-------- SUPPLIED DATA

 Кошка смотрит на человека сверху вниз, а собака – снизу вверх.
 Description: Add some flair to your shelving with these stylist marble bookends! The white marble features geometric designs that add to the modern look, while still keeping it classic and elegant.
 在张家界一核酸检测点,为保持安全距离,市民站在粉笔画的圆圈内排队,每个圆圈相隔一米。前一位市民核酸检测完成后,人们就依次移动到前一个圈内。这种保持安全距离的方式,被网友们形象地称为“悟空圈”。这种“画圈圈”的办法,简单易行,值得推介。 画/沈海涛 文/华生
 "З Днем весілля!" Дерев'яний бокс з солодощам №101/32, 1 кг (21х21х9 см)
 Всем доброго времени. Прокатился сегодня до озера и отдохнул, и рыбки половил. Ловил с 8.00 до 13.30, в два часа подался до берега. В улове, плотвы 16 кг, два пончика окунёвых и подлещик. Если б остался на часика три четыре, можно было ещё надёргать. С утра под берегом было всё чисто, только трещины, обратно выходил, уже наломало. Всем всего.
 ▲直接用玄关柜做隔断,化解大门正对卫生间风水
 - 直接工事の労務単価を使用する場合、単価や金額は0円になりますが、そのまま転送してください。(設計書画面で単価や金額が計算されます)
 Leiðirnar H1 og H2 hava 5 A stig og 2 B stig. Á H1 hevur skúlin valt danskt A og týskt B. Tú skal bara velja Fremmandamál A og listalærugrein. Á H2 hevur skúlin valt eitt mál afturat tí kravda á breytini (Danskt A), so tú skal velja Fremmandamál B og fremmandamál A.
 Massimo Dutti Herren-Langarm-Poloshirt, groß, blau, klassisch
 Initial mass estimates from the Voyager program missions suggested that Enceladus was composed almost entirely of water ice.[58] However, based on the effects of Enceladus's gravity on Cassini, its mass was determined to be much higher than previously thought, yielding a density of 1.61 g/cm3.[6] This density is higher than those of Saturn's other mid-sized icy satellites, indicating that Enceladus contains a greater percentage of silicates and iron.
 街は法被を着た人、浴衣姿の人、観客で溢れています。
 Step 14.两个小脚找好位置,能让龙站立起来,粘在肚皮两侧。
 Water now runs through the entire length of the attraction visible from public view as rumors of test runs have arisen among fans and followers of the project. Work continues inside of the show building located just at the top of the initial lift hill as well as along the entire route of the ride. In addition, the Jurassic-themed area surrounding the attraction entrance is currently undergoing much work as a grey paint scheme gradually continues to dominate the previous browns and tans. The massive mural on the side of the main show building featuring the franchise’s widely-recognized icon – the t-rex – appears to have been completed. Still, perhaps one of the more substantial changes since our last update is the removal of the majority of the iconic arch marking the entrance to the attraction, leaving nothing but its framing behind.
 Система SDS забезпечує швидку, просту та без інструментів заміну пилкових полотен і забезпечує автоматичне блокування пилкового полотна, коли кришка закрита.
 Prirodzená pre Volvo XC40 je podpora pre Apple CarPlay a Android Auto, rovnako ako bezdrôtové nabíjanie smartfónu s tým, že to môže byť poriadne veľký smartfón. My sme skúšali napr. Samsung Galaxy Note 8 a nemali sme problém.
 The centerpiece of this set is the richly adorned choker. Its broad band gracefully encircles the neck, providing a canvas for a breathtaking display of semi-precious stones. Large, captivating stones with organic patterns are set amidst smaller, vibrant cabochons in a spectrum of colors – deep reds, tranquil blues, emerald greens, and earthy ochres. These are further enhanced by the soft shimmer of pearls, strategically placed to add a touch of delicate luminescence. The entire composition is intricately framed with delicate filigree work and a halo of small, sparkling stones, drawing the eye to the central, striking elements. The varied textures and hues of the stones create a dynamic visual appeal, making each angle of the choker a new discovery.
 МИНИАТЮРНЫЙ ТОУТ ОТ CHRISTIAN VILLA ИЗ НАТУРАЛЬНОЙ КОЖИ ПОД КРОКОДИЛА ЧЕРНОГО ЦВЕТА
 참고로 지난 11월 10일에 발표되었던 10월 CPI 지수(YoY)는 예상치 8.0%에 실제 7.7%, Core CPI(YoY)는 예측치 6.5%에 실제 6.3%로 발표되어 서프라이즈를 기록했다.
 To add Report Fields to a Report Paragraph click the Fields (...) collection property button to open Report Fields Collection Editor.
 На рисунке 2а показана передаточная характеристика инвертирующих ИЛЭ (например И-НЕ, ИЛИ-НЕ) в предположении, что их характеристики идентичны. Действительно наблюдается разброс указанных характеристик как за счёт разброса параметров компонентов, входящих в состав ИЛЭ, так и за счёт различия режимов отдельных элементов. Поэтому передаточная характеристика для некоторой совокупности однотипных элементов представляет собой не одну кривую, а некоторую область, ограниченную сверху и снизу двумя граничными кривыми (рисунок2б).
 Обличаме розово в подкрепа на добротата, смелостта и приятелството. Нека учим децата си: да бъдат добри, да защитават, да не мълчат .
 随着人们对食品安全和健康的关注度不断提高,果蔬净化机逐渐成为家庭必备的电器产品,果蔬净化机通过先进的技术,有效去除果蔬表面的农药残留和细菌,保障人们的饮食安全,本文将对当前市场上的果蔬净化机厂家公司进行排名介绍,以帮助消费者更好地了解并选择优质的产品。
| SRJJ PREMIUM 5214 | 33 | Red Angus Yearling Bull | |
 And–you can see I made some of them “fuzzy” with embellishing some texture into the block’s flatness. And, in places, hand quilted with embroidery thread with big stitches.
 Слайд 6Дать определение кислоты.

----------------

#### TASK STATEMENT
Each record must be transcribed exactly, with nothing left out.

#### ANSWER FOR THIS EXERCISE
 Кошка смотрит на человека сверху вниз, а собака – снизу вверх.
 Description: Add some flair to your shelving with these stylist marble bookends! The white marble features geometric designs that add to the modern look, while still keeping it classic and elegant.
 在张家界一核酸检测点,为保持安全距离,市民站在粉笔画的圆圈内排队,每个圆圈相隔一米。前一位市民核酸检测完成后,人们就依次移动到前一个圈内。这种保持安全距离的方式,被网友们形象地称为“悟空圈”。这种“画圈圈”的办法,简单易行,值得推介。 画/沈海涛 文/华生
 "З Днем весілля!" Дерев'яний бокс з солодощам №101/32, 1 кг (21х21х9 см)
 Всем доброго времени. Прокатился сегодня до озера и отдохнул, и рыбки половил. Ловил с 8.00 до 13.30, в два часа подался до берега. В улове, плотвы 16 кг, два пончика окунёвых и подлещик. Если б остался на часика три четыре, можно было ещё надёргать. С утра под берегом было всё чисто, только трещины, обратно выходил, уже наломало. Всем всего.
 ▲直接用玄关柜做隔断,化解大门正对卫生间风水
 - 直接工事の労務単価を使用する場合、単価や金額は0円になりますが、そのまま転送してください。(設計書画面で単価や金額が計算されます)
 Leiðirnar H1 og H2 hava 5 A stig og 2 B stig. Á H1 hevur skúlin valt danskt A og týskt B. Tú skal bara velja Fremmandamál A og listalærugrein. Á H2 hevur skúlin valt eitt mál afturat tí kravda á breytini (Danskt A), so tú skal velja Fremmandamál B og fremmandamál A.
 Massimo Dutti Herren-Langarm-Poloshirt, groß, blau, klassisch
 Initial mass estimates from the Voyager program missions suggested that Enceladus was composed almost entirely of water ice.[58] However, based on the effects of Enceladus's gravity on Cassini, its mass was determined to be much higher than previously thought, yielding a density of 1.61 g/cm3.[6] This density is higher than those of Saturn's other mid-sized icy satellites, indicating that Enceladus contains a greater percentage of silicates and iron.
 街は法被を着た人、浴衣姿の人、観客で溢れています。
 Step 14.两个小脚找好位置,能让龙站立起来,粘在肚皮两侧。
 Water now runs through the entire length of the attraction visible from public view as rumors of test runs have arisen among fans and followers of the project. Work continues inside of the show building located just at the top of the initial lift hill as well as along the entire route of the ride. In addition, the Jurassic-themed area surrounding the attraction entrance is currently undergoing much work as a grey paint scheme gradually continues to dominate the previous browns and tans. The massive mural on the side of the main show building featuring the franchise’s widely-recognized icon – the t-rex – appears to have been completed. Still, perhaps one of the more substantial changes since our last update is the removal of the majority of the iconic arch marking the entrance to the attraction, leaving nothing but its framing behind.
 Система SDS забезпечує швидку, просту та без інструментів заміну пилкових полотен і забезпечує автоматичне блокування пилкового полотна, коли кришка закрита.
 Prirodzená pre Volvo XC40 je podpora pre Apple CarPlay a Android Auto, rovnako ako bezdrôtové nabíjanie smartfónu s tým, že to môže byť poriadne veľký smartfón. My sme skúšali napr. Samsung Galaxy Note 8 a nemali sme problém.
 The centerpiece of this set is the richly adorned choker. Its broad band gracefully encircles the neck, providing a canvas for a breathtaking display of semi-precious stones. Large, captivating stones with organic patterns are set amidst smaller, vibrant cabochons in a spectrum of colors – deep reds, tranquil blues, emerald greens, and earthy ochres. These are further enhanced by the soft shimmer of pearls, strategically placed to add a touch of delicate luminescence. The entire composition is intricately framed with delicate filigree work and a halo of small, sparkling stones, drawing the eye to the central, striking elements. The varied textures and hues of the stones create a dynamic visual appeal, making each angle of the choker a new discovery.
 МИНИАТЮРНЫЙ ТОУТ ОТ CHRISTIAN VILLA ИЗ НАТУРАЛЬНОЙ КОЖИ ПОД КРОКОДИЛА ЧЕРНОГО ЦВЕТА
 참고로 지난 11월 10일에 발표되었던 10월 CPI 지수(YoY)는 예상치 8.0%에 실제 7.7%, Core CPI(YoY)는 예측치 6.5%에 실제 6.3%로 발표되어 서프라이즈를 기록했다.
 To add Report Fields to a Report Paragraph click the Fields (...) collection property button to open Report Fields Collection Editor.
 На рисунке 2а показана передаточная характеристика инвертирующих ИЛЭ (например И-НЕ, ИЛИ-НЕ) в предположении, что их характеристики идентичны. Действительно наблюдается разброс указанных характеристик как за счёт разброса параметров компонентов, входящих в состав ИЛЭ, так и за счёт различия режимов отдельных элементов. Поэтому передаточная характеристика для некоторой совокупности однотипных элементов представляет собой не одну кривую, а некоторую область, ограниченную сверху и снизу двумя граничными кривыми (рисунок2б).
 Обличаме розово в подкрепа на добротата, смелостта и приятелството. Нека учим децата си: да бъдат добри, да защитават, да не мълчат .
 随着人们对食品安全和健康的关注度不断提高,果蔬净化机逐渐成为家庭必备的电器产品,果蔬净化机通过先进的技术,有效去除果蔬表面的农药残留和细菌,保障人们的饮食安全,本文将对当前市场上的果蔬净化机厂家公司进行排名介绍,以帮助消费者更好地了解并选择优质的产品。
| SRJJ PREMIUM 5214 | 33 | Red Angus Yearling Bull | |
 And–you can see I made some of them “fuzzy” with embellishing some texture into the block’s flatness. And, in places, hand quilted with embroidery thread with big stitches.
 Слайд 6Дать определение кислоты.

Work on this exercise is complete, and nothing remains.